Action item> Among the entries below, copy only the span from the line containing "Abbildung 1: Erstes Flugmodell mit Gummimotor" through the line containing "Gambar 5. Simulasi Circuit Training". Do so exactly, and skip the pictures.

[Stored data entries]

===

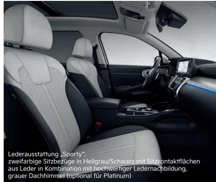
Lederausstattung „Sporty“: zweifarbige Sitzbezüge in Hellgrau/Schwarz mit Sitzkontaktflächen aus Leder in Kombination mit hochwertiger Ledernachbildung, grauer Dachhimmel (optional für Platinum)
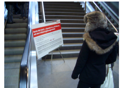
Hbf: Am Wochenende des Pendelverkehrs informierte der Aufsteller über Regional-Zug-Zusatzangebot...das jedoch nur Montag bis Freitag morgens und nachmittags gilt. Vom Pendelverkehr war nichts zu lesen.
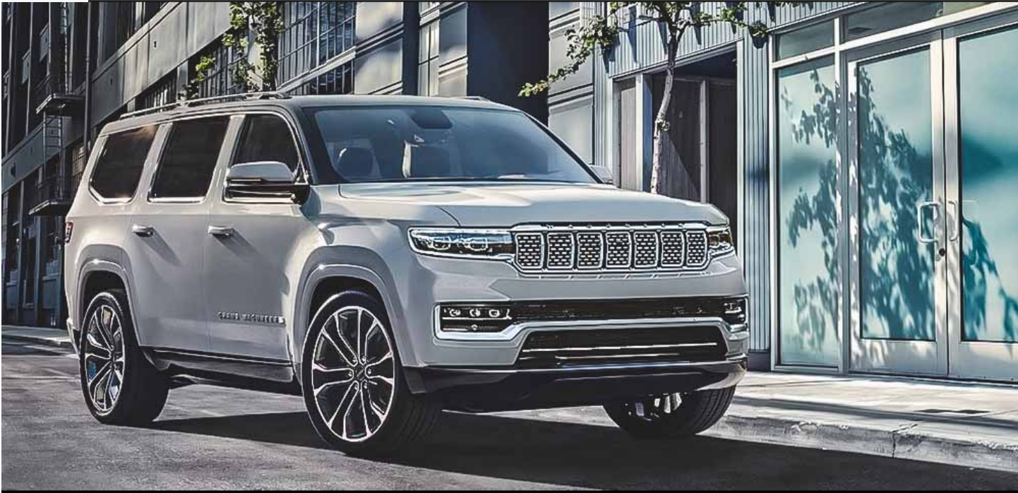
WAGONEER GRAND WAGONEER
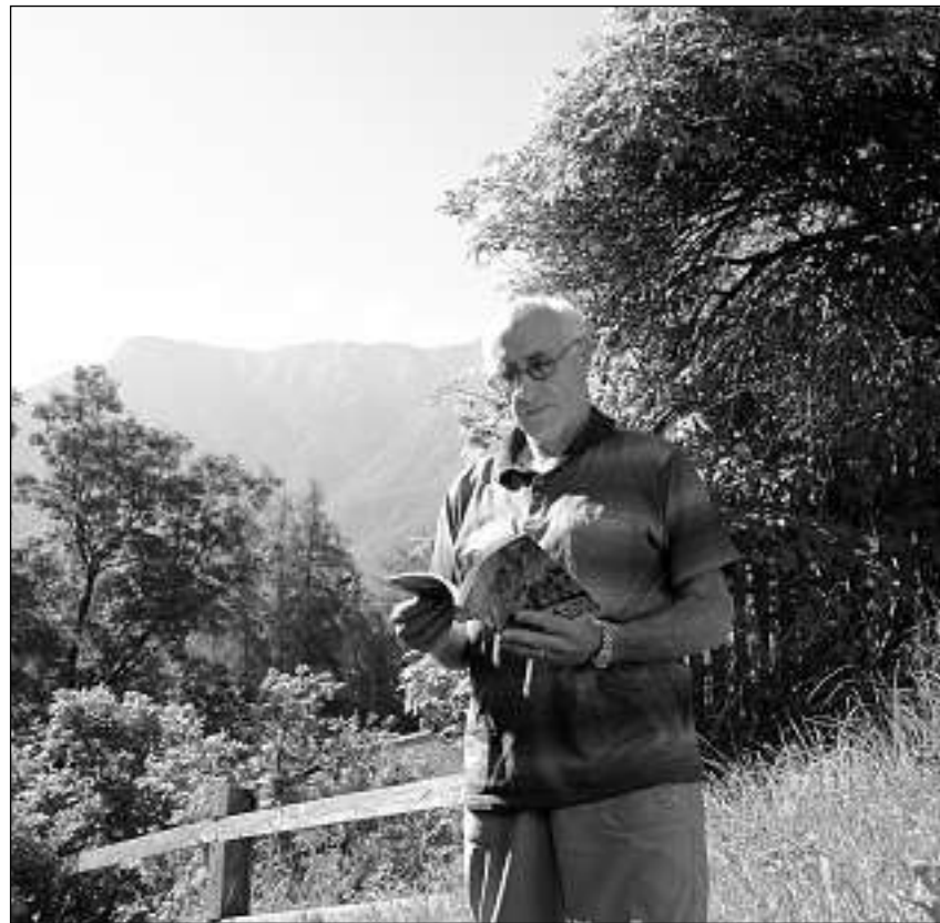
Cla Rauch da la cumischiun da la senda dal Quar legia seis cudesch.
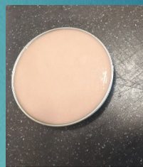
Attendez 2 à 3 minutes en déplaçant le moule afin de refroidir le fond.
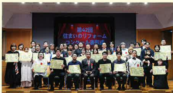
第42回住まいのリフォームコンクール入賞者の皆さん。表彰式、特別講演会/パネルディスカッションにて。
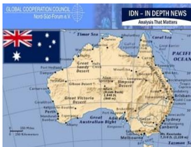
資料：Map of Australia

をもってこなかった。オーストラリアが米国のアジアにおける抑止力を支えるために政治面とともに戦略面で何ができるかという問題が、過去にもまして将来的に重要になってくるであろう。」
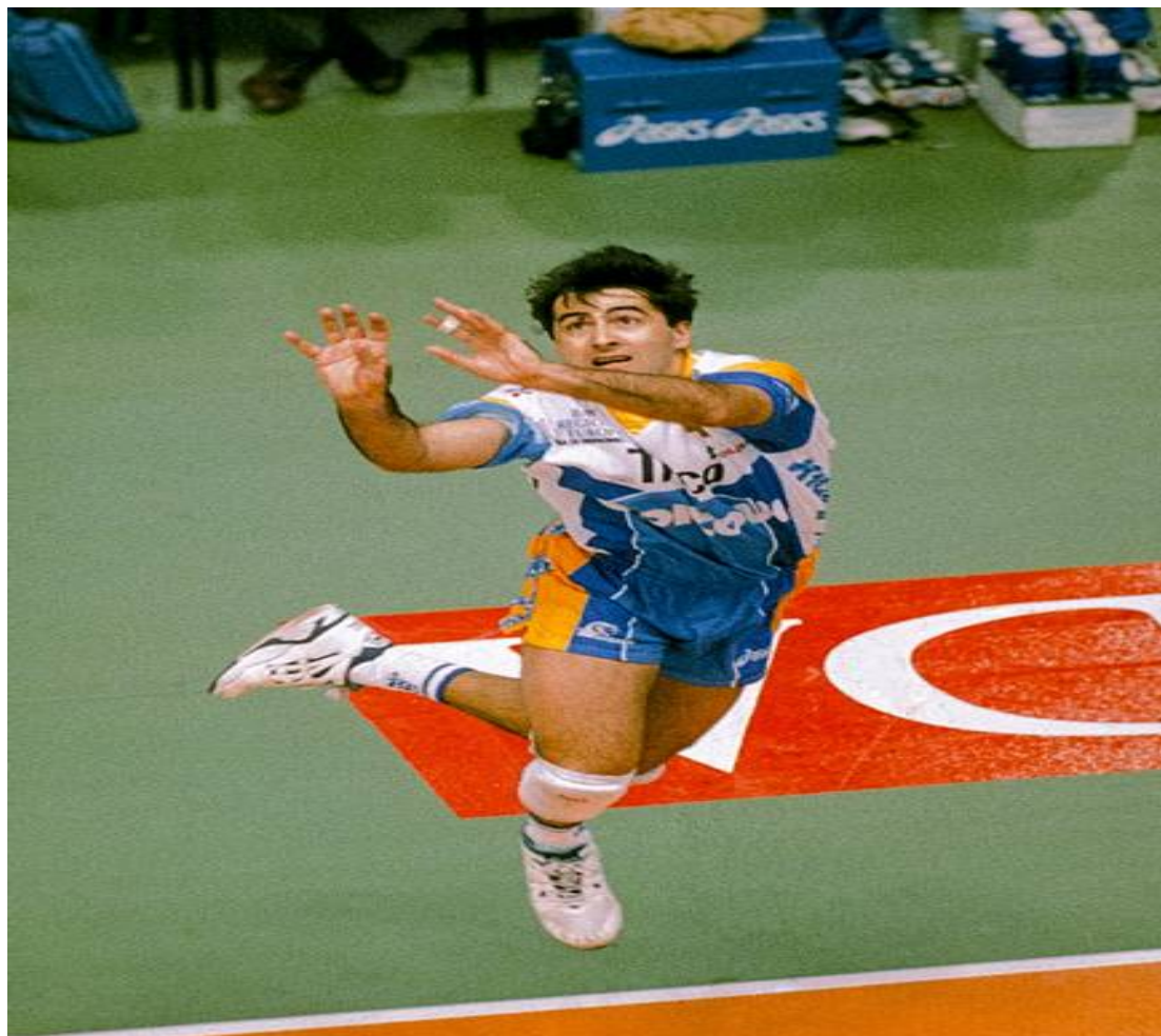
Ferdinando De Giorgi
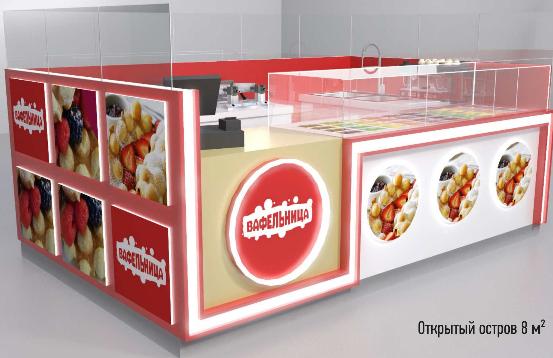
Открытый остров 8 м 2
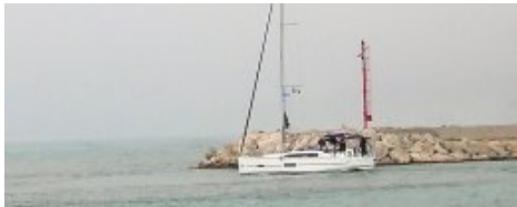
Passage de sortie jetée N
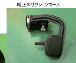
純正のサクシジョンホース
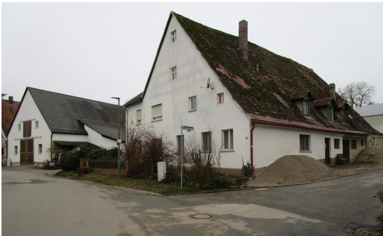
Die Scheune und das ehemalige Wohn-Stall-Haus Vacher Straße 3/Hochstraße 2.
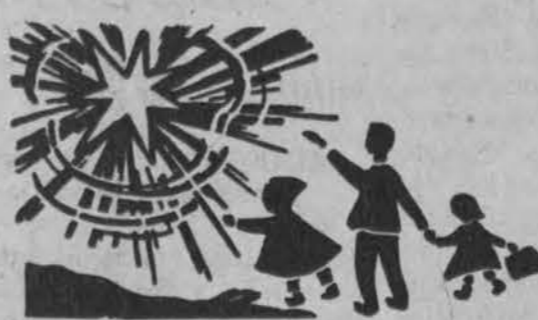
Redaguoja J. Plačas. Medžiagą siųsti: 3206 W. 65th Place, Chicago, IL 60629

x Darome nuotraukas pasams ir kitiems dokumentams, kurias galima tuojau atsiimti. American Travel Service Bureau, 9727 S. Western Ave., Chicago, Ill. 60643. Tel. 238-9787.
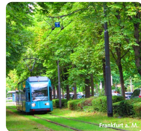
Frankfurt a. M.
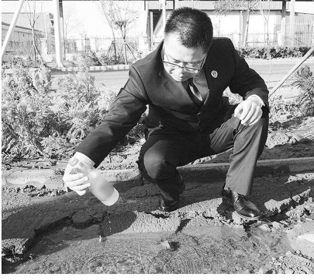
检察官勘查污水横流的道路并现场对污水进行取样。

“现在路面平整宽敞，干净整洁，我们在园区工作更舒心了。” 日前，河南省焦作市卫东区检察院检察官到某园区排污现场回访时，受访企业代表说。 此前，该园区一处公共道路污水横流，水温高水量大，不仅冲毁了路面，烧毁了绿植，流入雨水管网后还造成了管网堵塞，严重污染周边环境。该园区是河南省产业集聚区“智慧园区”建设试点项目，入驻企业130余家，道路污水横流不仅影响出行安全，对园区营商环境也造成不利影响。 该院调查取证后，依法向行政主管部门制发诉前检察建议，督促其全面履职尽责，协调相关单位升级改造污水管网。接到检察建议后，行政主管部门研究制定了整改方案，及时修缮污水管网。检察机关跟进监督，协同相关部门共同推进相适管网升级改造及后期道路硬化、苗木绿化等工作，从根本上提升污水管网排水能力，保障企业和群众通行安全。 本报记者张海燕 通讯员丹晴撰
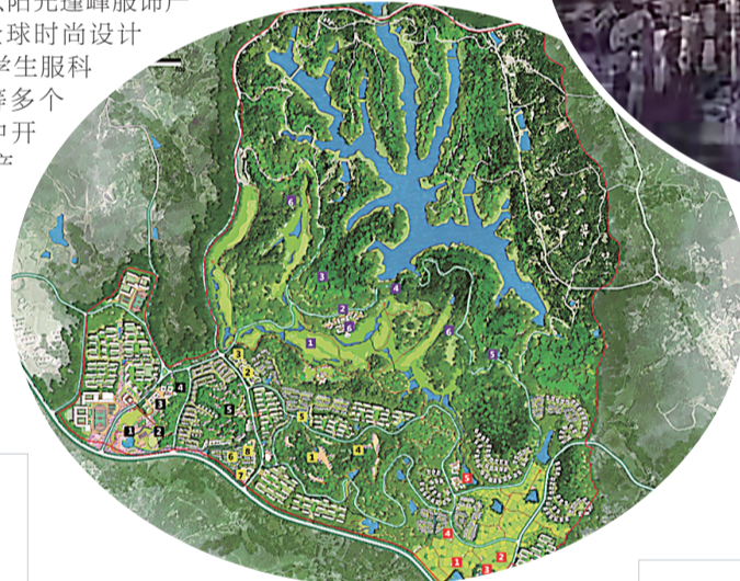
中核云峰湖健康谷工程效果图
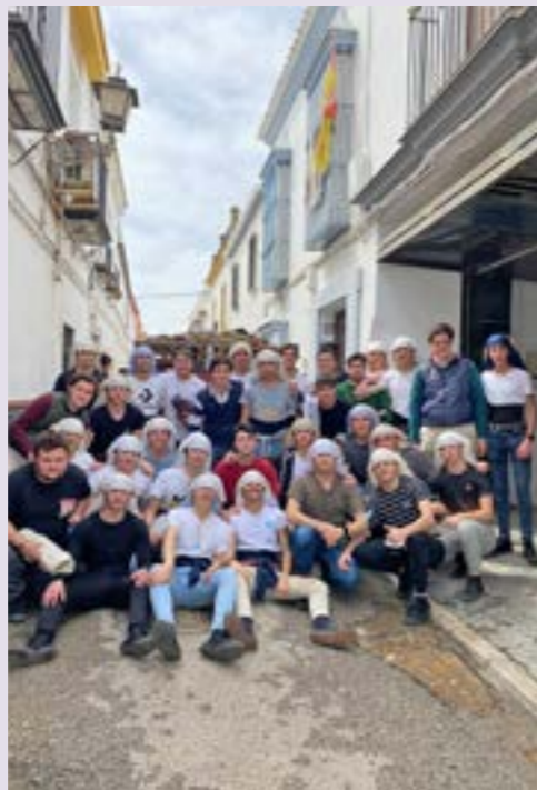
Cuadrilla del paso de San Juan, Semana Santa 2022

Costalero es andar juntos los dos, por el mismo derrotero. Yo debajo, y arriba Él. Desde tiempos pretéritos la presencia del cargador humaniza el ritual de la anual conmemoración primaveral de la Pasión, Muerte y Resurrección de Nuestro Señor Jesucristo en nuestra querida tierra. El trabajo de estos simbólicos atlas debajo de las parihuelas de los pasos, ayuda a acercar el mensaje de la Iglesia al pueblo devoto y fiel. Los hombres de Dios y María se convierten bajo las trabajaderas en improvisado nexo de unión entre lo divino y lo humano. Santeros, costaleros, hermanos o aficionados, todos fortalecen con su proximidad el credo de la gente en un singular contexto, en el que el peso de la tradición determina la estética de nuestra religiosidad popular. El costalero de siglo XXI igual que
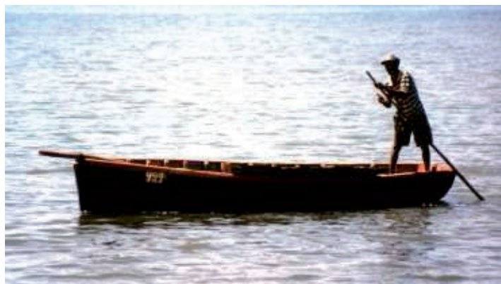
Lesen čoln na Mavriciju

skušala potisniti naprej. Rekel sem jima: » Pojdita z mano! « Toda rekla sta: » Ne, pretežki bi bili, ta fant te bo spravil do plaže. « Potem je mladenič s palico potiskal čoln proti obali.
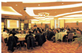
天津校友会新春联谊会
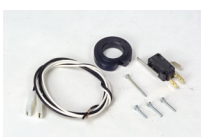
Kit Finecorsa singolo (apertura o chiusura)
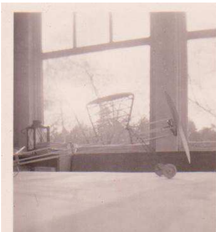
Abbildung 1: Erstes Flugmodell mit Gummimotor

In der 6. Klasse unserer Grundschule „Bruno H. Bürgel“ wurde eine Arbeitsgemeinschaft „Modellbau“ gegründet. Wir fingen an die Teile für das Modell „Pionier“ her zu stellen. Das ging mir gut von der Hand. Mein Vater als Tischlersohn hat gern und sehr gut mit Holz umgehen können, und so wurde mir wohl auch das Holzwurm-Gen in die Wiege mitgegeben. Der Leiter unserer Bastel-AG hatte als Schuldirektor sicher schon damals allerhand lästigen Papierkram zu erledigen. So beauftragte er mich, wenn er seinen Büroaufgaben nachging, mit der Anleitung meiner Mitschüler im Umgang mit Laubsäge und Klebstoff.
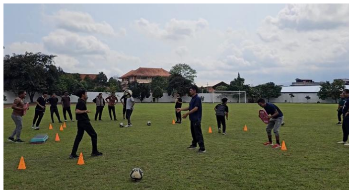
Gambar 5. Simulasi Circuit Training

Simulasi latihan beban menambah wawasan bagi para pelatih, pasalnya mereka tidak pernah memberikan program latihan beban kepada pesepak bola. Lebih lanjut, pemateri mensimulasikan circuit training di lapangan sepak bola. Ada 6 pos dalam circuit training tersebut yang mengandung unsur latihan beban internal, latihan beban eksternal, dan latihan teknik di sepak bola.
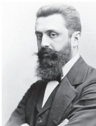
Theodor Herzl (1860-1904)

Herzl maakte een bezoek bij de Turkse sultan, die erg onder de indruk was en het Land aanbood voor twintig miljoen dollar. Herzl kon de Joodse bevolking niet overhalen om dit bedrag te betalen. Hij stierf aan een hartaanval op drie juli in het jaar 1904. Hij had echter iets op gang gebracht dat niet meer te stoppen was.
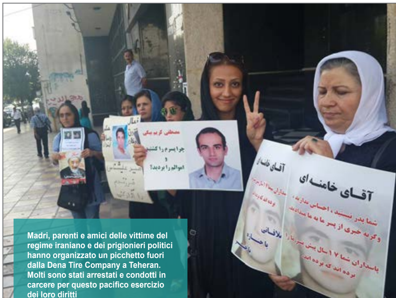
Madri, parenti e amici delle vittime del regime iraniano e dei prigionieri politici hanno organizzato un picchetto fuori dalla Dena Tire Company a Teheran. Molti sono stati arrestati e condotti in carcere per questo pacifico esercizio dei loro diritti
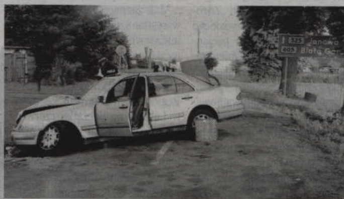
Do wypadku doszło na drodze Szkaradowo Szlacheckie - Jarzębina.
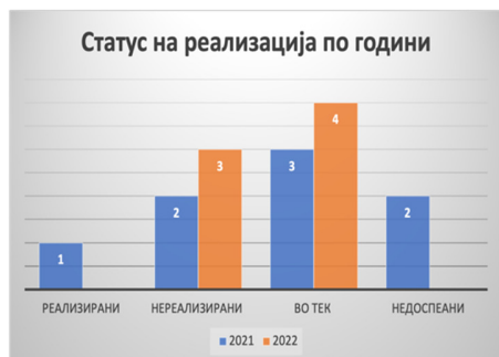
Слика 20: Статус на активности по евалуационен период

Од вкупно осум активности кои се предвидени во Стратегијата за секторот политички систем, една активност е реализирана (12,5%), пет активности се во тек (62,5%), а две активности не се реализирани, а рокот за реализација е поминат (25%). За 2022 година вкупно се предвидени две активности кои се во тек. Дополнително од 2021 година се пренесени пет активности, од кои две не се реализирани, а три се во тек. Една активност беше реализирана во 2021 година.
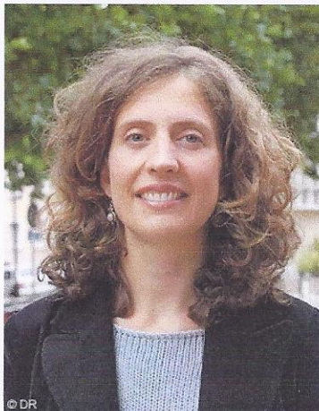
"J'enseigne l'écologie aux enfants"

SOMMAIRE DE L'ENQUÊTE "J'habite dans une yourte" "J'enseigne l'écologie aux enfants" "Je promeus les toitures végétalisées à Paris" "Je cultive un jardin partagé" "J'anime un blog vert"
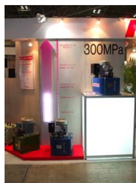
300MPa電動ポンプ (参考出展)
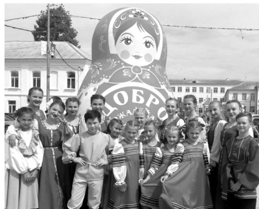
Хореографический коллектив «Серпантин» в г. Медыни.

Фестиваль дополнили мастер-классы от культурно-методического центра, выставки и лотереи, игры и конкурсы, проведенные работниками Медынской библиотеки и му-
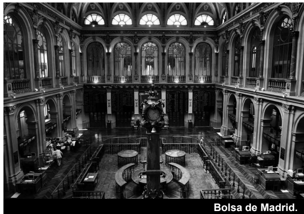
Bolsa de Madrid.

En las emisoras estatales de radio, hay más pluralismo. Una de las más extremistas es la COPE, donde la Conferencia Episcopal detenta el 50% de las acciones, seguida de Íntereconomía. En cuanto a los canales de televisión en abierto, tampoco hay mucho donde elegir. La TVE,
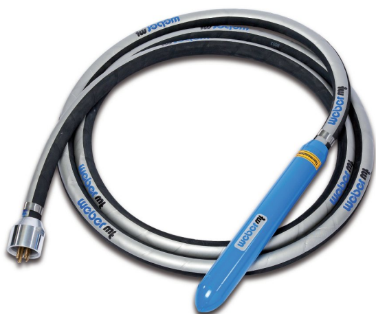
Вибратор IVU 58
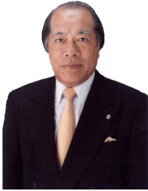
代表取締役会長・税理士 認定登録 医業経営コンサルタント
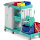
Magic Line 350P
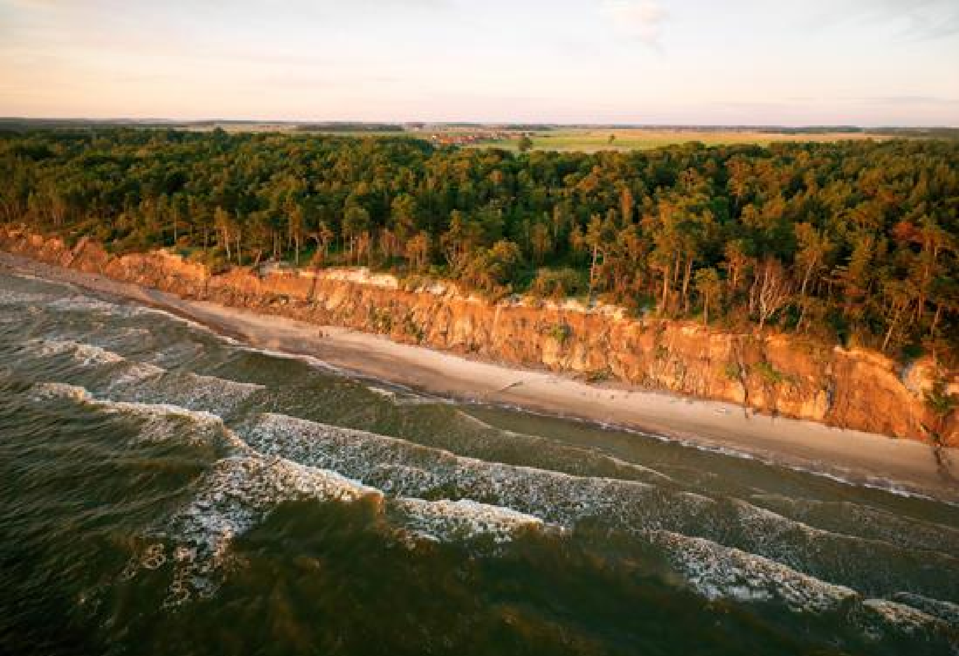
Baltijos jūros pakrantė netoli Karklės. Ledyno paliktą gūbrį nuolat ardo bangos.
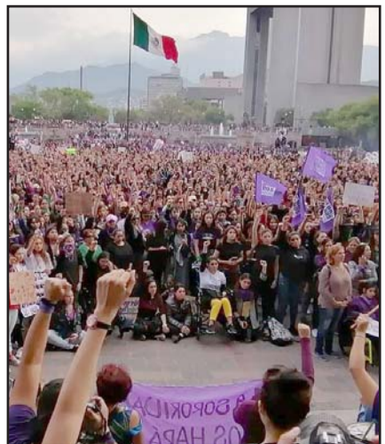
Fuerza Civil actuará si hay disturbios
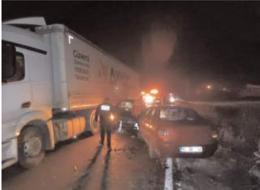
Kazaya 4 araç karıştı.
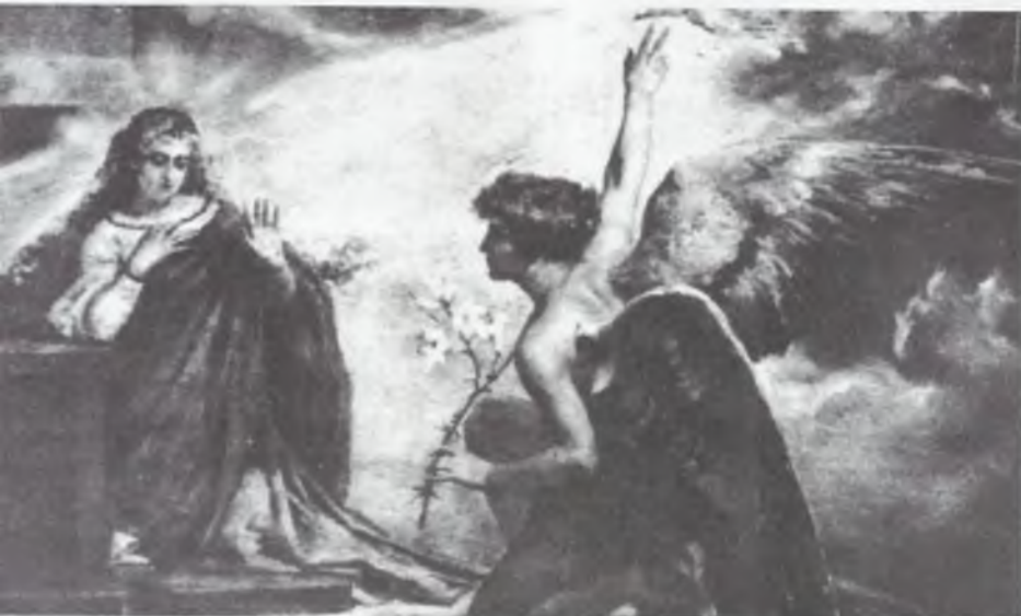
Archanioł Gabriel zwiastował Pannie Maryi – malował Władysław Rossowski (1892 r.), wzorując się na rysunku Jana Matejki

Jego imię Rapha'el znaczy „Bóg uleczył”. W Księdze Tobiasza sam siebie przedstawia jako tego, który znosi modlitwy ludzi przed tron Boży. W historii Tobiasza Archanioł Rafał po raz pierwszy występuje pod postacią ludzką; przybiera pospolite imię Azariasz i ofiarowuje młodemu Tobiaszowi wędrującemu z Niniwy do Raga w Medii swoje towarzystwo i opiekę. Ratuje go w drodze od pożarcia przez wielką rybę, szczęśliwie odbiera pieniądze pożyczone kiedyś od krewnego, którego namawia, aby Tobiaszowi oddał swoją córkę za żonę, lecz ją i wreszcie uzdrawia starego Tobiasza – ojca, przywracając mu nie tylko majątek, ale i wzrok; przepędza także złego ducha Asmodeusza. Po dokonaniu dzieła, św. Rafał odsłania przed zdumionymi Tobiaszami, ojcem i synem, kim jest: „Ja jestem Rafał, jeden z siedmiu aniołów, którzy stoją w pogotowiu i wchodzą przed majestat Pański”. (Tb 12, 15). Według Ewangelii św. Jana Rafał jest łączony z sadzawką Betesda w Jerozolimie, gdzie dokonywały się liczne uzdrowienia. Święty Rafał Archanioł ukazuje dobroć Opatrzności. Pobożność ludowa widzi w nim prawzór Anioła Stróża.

===

Task response>
Abbildung 1: Erstes Flugmodell mit Gummimotor

In der 6. Klasse unserer Grundschule „Bruno H. Bürgel“ wurde eine Arbeitsgemeinschaft „Modellbau“ gegründet. Wir fingen an die Teile für das Modell „Pionier“ her zu stellen. Das ging mir gut von der Hand. Mein Vater als Tischlersohn hat gern und sehr gut mit Holz umgehen können, und so wurde mir wohl auch das Holzwurm-Gen in die Wiege mitgegeben. Der Leiter unserer Bastel-AG hatte als Schuldirektor sicher schon damals allerhand lästigen Papierkram zu erledigen. So beauftragte er mich, wenn er seinen Büroaufgaben nachging, mit der Anleitung meiner Mitschüler im Umgang mit Laubsäge und Klebstoff.
Gambar 5. Simulasi Circuit Training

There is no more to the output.